### WHAT NEEDS TO BE DONE:
Here is the task for the listing below: output exactly the lines from the one containing "Trash Flow has" through the one containing "Sau 2 tháng", and leave out the pictures.

### LISTED ENTRIES:
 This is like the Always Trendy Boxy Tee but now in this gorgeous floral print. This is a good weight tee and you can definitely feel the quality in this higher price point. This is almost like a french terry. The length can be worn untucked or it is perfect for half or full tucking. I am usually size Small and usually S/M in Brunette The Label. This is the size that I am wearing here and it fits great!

* * *

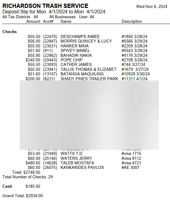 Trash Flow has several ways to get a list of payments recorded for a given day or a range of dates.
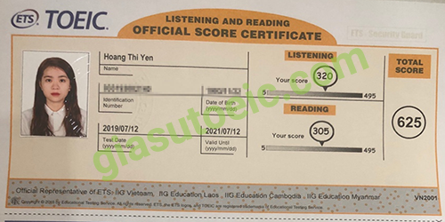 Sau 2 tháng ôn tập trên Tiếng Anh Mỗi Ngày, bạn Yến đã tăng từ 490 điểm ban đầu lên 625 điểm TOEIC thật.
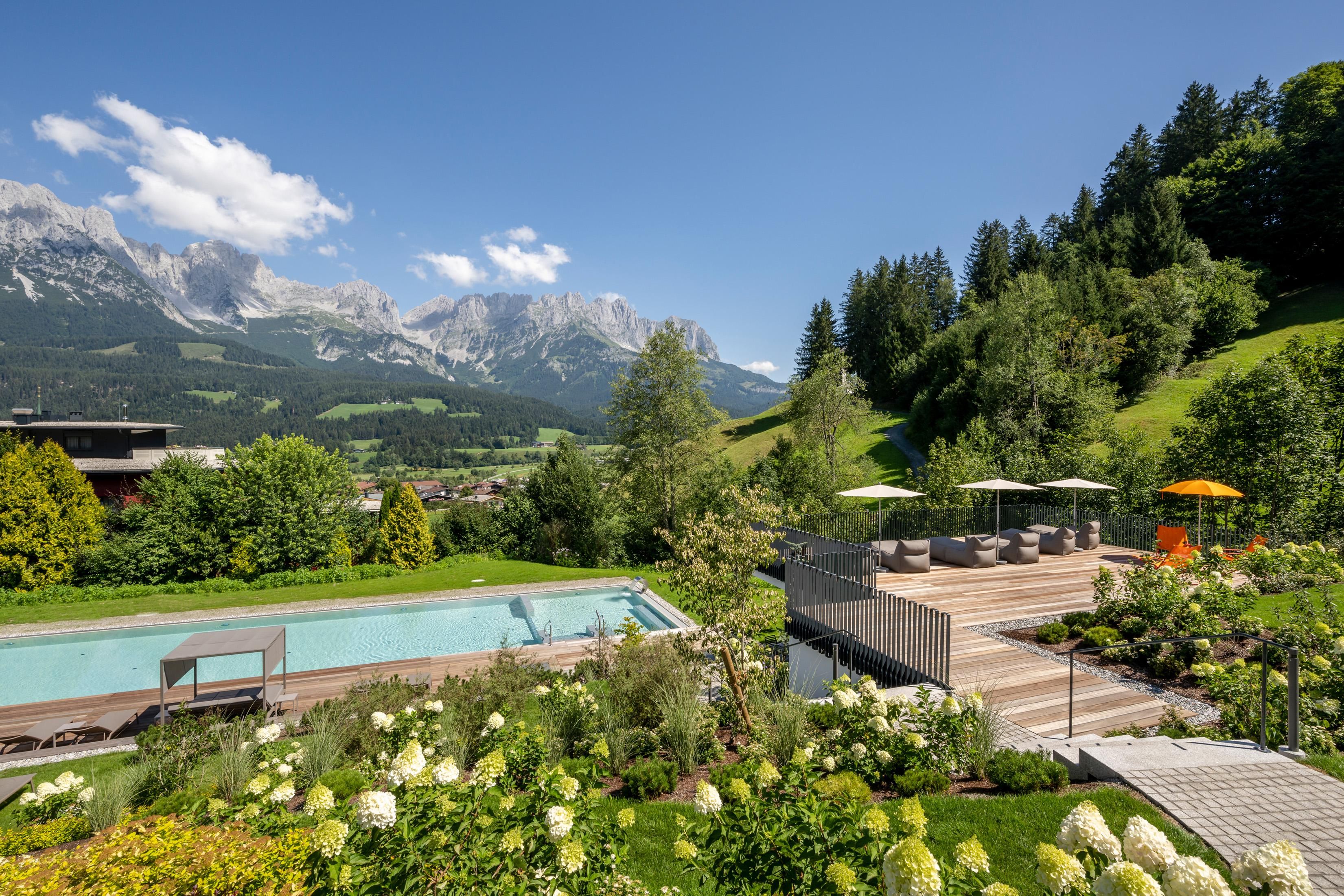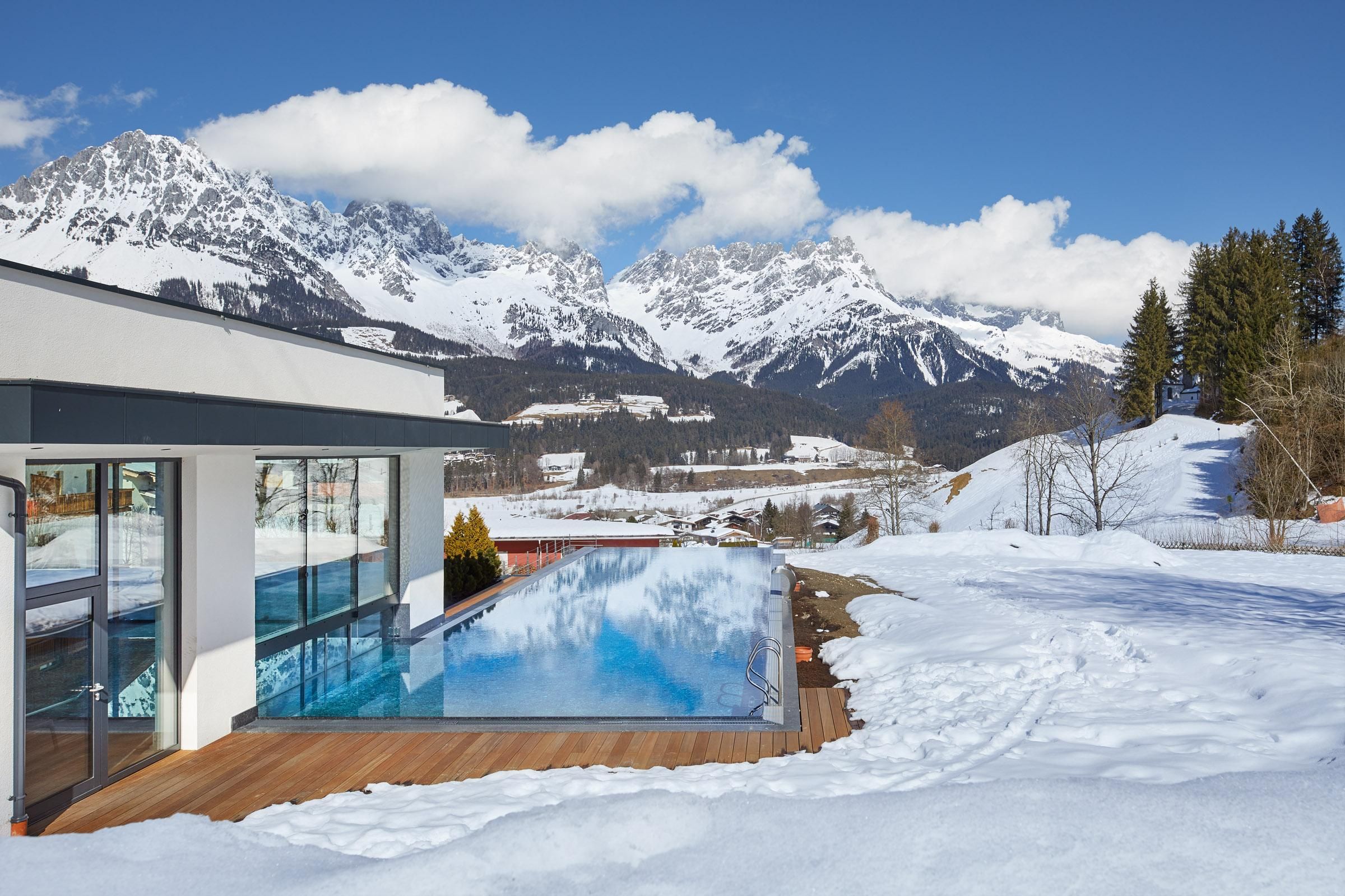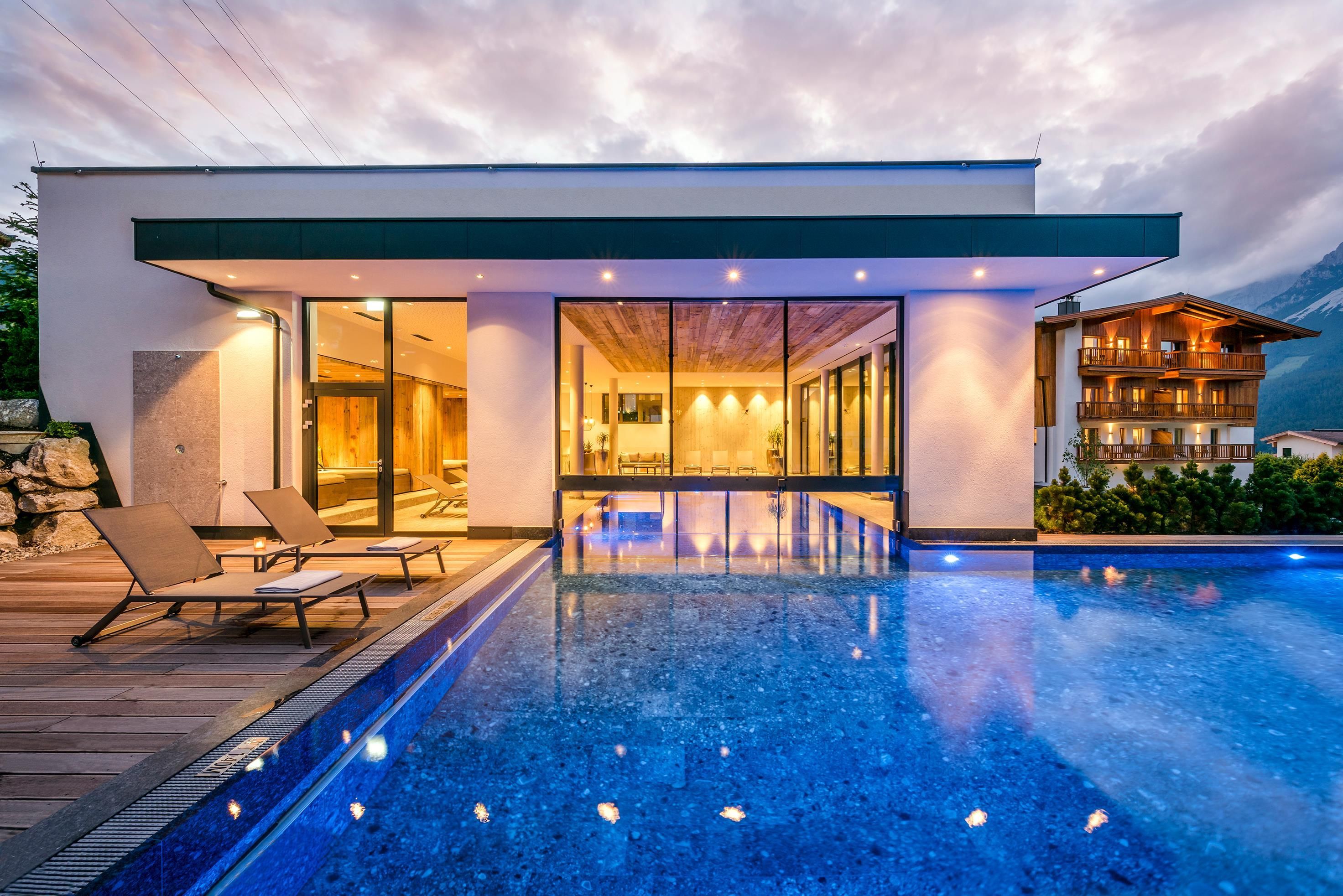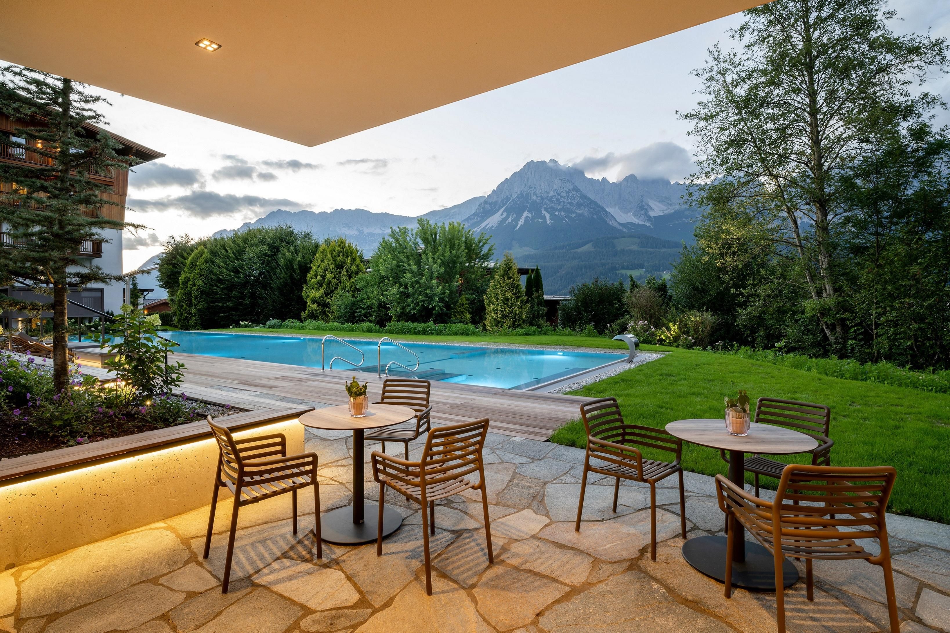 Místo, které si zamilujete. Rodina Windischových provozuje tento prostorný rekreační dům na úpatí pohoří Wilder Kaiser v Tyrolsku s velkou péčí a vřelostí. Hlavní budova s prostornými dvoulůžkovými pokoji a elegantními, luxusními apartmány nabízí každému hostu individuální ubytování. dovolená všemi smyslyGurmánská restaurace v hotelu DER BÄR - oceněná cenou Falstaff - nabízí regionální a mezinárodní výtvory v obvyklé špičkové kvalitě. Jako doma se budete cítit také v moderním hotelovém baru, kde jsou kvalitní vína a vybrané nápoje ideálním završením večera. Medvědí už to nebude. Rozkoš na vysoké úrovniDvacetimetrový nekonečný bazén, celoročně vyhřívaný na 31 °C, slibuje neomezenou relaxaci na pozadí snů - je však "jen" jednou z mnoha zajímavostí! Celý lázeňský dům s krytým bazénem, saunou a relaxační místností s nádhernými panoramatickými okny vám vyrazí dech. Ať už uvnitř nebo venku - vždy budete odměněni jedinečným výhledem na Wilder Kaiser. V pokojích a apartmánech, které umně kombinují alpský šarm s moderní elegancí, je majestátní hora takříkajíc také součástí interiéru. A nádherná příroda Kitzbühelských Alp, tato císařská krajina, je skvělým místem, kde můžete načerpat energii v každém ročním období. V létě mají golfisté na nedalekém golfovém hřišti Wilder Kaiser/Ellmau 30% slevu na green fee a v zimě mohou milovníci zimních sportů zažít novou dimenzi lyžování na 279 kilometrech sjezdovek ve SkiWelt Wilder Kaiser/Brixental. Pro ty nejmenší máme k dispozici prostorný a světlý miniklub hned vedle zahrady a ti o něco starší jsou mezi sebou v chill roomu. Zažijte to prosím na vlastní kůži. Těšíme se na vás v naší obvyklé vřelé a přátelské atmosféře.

### REPLY TO THE TASK:
 Trash Flow has several ways to get a list of payments recorded for a given day or a range of dates.
 Sau 2 tháng ôn tập trên Tiếng Anh Mỗi Ngày, bạn Yến đã tăng từ 490 điểm ban đầu lên 625 điểm TOEIC thật.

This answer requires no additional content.